Task objective: Copy, word for word, the lines of the listing below from the line with "เป็นอีกหนึ่งอดีตผู้ประกาศข่าวชื่อดังสำหรับ กฤต เจนพานิชการ" up to and including the line with "シャーリングフリルワンピース". Drop the pictures.

Data supplied:
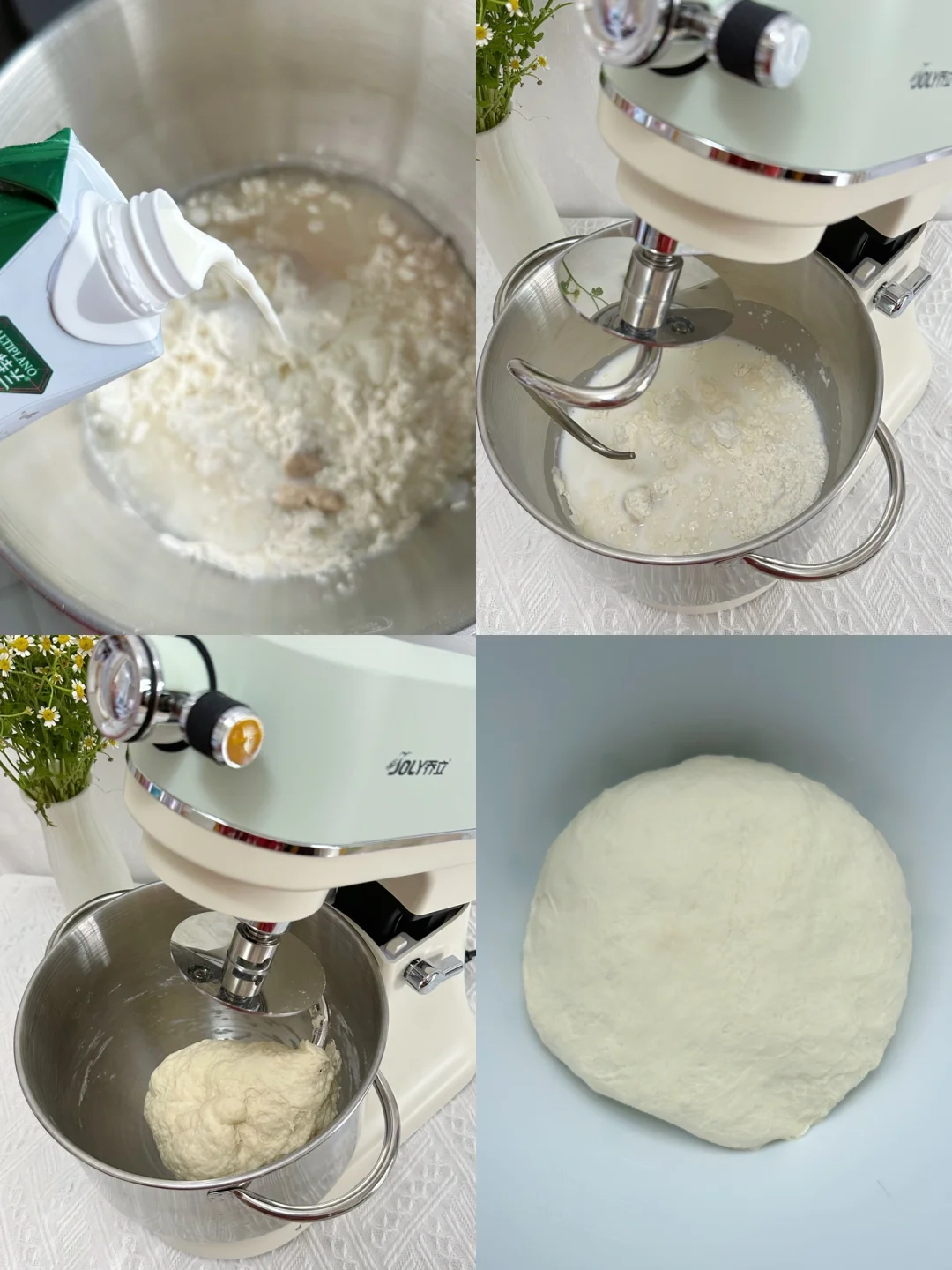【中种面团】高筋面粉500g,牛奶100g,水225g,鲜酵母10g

--

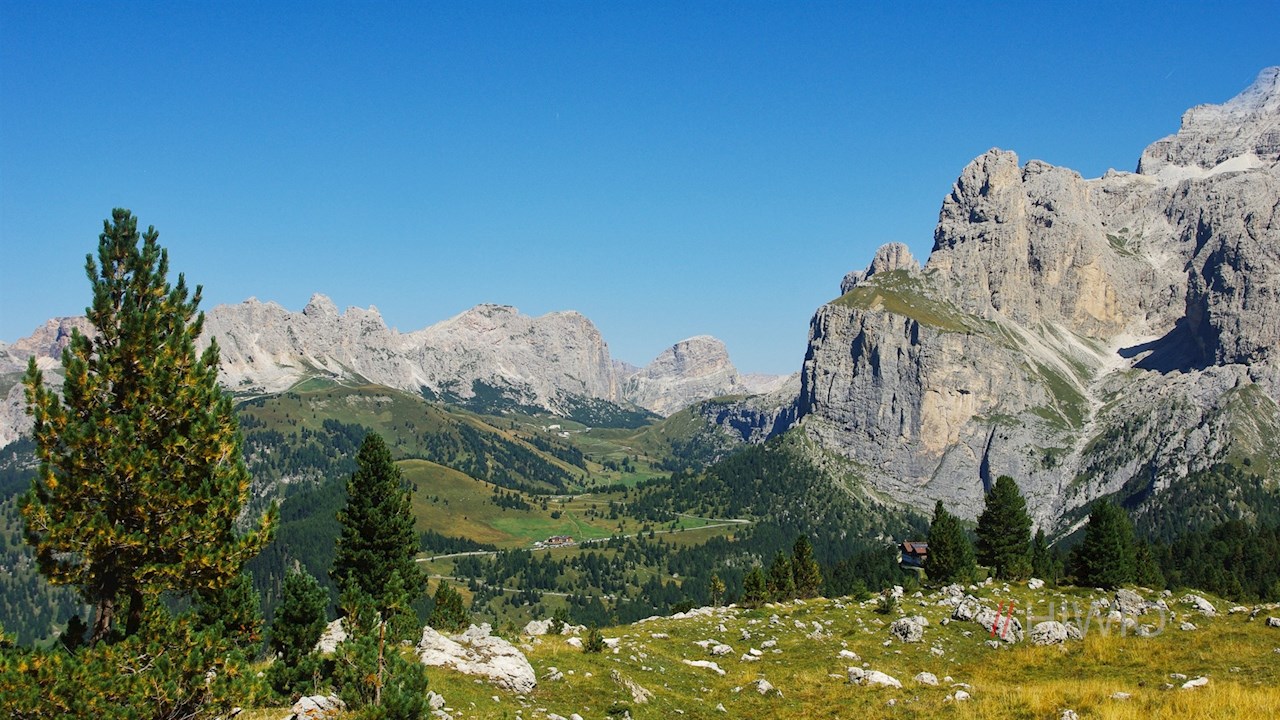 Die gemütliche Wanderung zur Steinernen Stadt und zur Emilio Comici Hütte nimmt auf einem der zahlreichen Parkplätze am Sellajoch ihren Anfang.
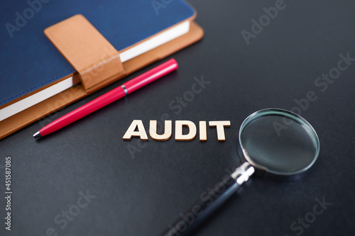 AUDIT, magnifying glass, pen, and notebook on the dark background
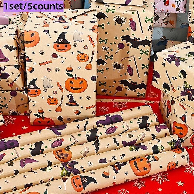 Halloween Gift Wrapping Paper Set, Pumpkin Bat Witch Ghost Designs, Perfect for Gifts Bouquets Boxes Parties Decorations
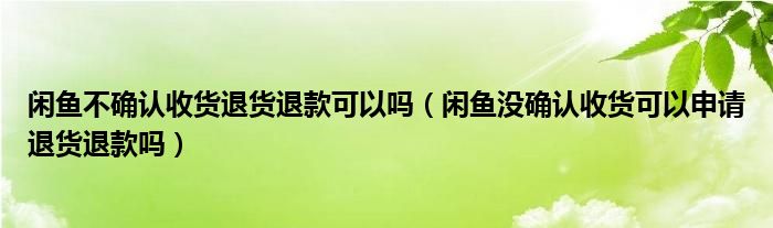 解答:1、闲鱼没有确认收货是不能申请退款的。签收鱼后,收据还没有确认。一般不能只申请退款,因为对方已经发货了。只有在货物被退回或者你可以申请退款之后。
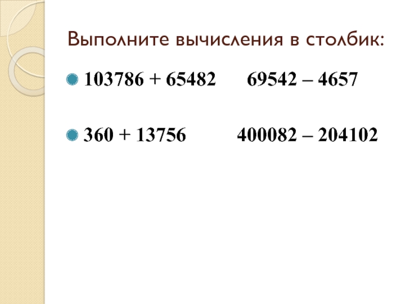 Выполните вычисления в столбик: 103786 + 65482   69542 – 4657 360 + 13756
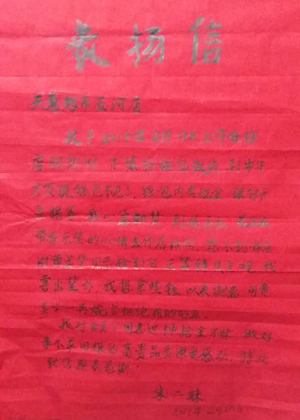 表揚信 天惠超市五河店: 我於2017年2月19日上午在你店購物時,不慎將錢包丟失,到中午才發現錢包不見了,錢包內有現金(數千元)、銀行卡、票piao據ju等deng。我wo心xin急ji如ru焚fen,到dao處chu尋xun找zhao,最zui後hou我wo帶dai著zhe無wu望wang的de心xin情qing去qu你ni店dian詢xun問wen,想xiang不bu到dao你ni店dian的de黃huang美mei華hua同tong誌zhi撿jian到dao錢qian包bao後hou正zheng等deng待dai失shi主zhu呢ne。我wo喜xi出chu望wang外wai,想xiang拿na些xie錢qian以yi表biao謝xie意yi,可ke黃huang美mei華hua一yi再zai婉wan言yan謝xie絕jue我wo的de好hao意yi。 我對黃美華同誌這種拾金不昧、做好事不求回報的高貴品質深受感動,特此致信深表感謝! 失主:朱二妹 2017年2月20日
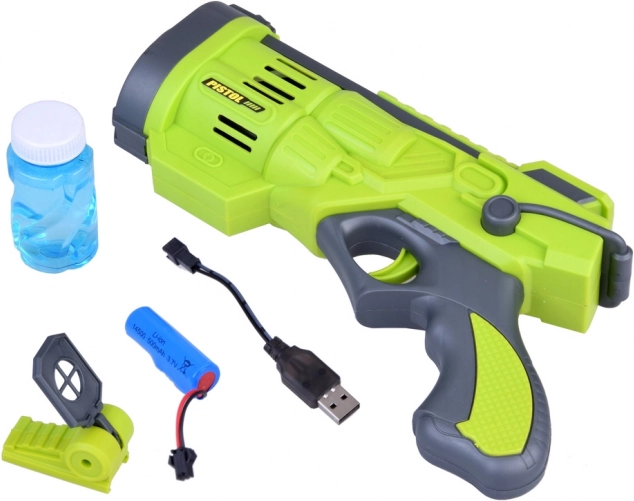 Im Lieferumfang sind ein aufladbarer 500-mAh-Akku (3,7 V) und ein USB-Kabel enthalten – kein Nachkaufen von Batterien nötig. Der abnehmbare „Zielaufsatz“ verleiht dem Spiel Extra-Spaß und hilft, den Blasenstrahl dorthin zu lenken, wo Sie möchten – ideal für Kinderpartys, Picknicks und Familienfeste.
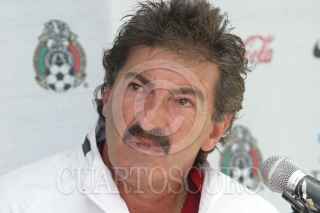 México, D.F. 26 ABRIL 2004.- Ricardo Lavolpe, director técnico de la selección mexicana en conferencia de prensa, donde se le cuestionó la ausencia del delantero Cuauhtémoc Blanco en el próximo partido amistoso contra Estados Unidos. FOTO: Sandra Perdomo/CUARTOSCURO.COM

...

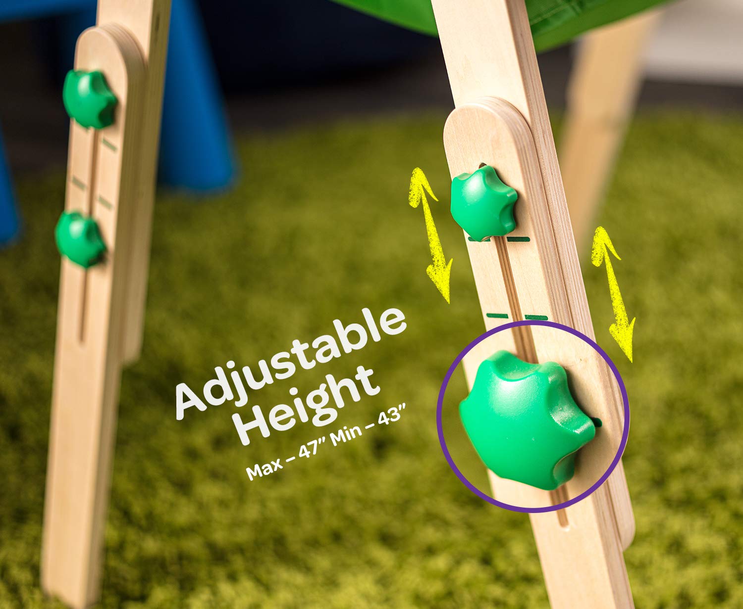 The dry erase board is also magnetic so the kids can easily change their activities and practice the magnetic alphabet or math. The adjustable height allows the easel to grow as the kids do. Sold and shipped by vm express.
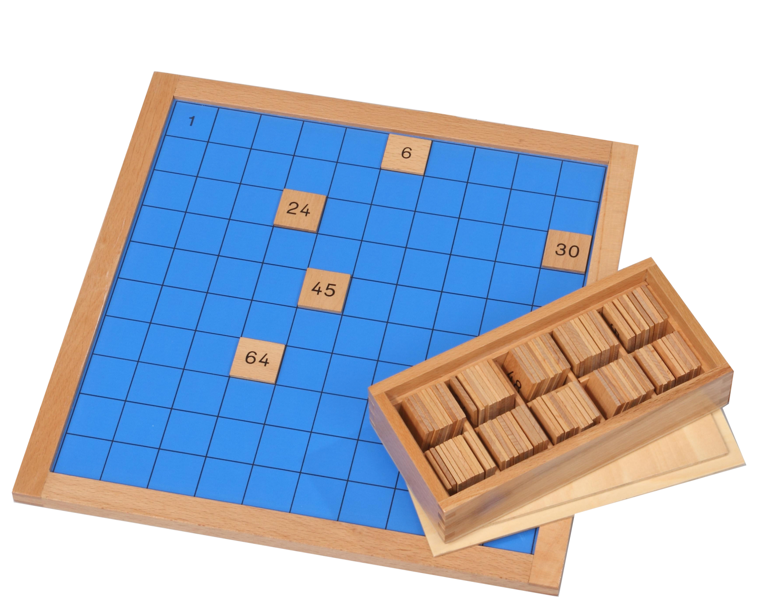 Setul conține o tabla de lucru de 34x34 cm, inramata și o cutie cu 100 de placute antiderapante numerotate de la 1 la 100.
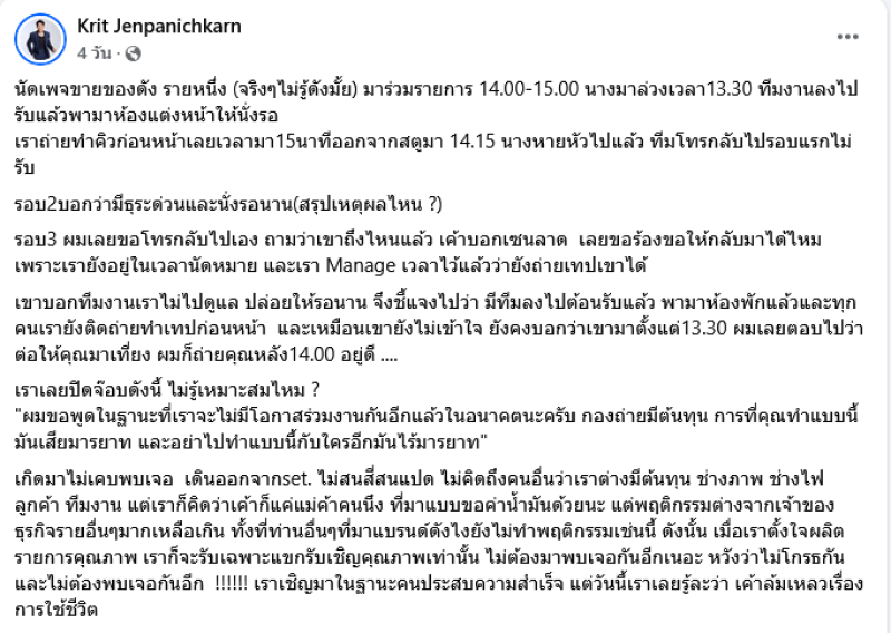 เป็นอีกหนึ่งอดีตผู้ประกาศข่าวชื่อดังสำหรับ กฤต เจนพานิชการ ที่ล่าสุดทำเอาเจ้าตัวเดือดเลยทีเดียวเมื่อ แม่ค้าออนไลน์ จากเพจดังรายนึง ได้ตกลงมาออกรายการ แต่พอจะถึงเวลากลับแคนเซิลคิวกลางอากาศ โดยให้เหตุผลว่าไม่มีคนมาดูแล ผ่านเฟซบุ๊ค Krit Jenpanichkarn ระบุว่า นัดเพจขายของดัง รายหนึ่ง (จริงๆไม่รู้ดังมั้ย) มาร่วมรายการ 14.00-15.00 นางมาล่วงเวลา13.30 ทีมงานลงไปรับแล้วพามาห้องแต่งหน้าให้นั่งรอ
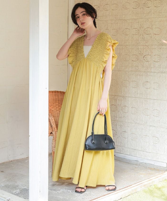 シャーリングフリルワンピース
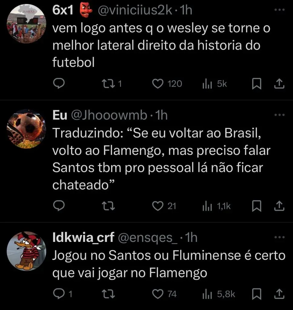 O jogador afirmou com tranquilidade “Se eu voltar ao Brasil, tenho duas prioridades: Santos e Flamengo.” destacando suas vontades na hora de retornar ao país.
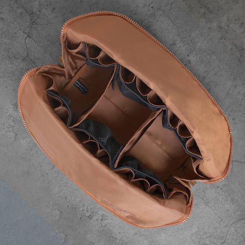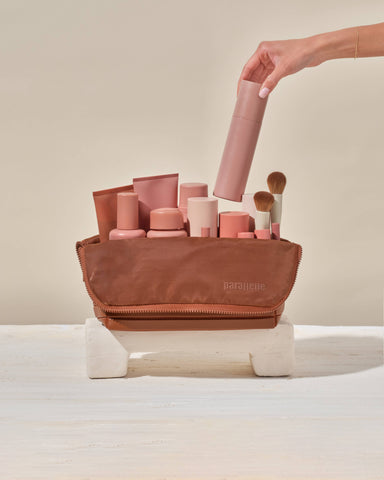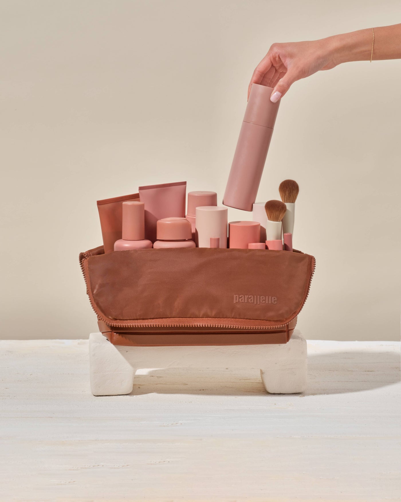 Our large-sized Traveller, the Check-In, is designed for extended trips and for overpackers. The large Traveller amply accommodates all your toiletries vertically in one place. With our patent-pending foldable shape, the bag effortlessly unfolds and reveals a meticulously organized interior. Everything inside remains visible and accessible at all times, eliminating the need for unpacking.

Task answer:
 เป็นอีกหนึ่งอดีตผู้ประกาศข่าวชื่อดังสำหรับ กฤต เจนพานิชการ ที่ล่าสุดทำเอาเจ้าตัวเดือดเลยทีเดียวเมื่อ แม่ค้าออนไลน์ จากเพจดังรายนึง ได้ตกลงมาออกรายการ แต่พอจะถึงเวลากลับแคนเซิลคิวกลางอากาศ โดยให้เหตุผลว่าไม่มีคนมาดูแล ผ่านเฟซบุ๊ค Krit Jenpanichkarn ระบุว่า นัดเพจขายของดัง รายหนึ่ง (จริงๆไม่รู้ดังมั้ย) มาร่วมรายการ 14.00-15.00 นางมาล่วงเวลา13.30 ทีมงานลงไปรับแล้วพามาห้องแต่งหน้าให้นั่งรอ
 シャーリングフリルワンピース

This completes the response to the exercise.